Thanks everyone for your invaluable input. Seems there's so much to learn from you guys.

Cheers,

Tony


----------



## Thirsty Boy (8/5/11)

90 mins mash followed by a stirred ramp to 78 and 90mins boil is a nice safe way to start. You can most certainly get away nicely with 60 and 60, and even with skipping the mashout. But for your first few brews - i'd play it very safe, sacrifice an hour of your valuable time, and be certain that lack of mashing or boiling has been ruled out of the equation as potential trouble points.

Half a dozen brews under your belt and everything is working just fine thanks... By all means drop the mash down to 60, try it without a mashout, just boil for the hour etc etc.

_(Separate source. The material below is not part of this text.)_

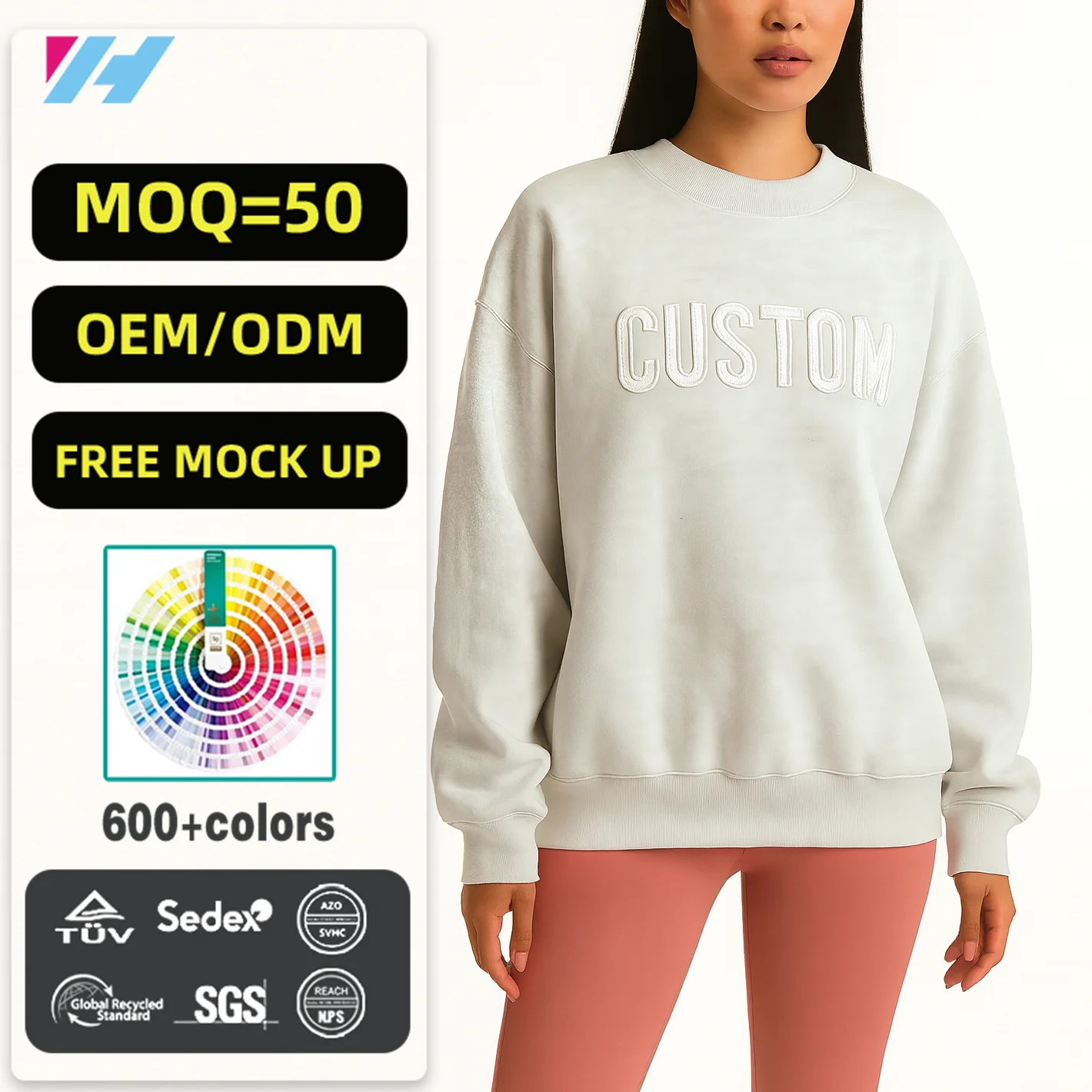 Custom Manufacturing Wholesale High Quality Cotton Women Crewneck 3d Embroidery Embroidered Hoodies

Absolutely it works pfectly well with the shorter mash and boil - but when you are starting out, be nice to yourself and allow a little extra time for both so you just dont have to worry.

Me - I boil for 90mins every time whether i am BIAB brewing or not. I get it boiing, take a gravity sample when its been bubbling for a minute or so, then i have half an hour to cool the sample, decide if things have gone to plan, work out if i need to dilute, boil it down a bit extra, add extract, change my hopping schedule etc etc if it hasn't gone to plan. Then once its been boiling for 30mins and i am sure its all been adjusted properly, i chuck in my bittering hops and know that i will hit my post boil targets on the head every single time.

TB


----------



## amarks5 (8/5/11)

Thirsty Boy said:


> 90 mins mash followed by a stirred ramp to 78 and 90mins boil is a nice safe way to start. You can most certainly get away nicely with 60 and 60, and even with skipping the mashout. But for your first few brews - i'd play it very safe, sacrifice an hour of your valuable time, and be certain that lack of mashing or boiling has been ruled out of the equation as potential trouble points.
> 
> Half a dozen brews under your belt and everything is working just fine thanks... By all means drop the mash down to 60, try it without a mashout, just boil for the hour etc etc.
> 
> ...






Thanks Thirsty for your great advice. I will start off with 90/90 and see how I go.

Best wishes,

Tony


----------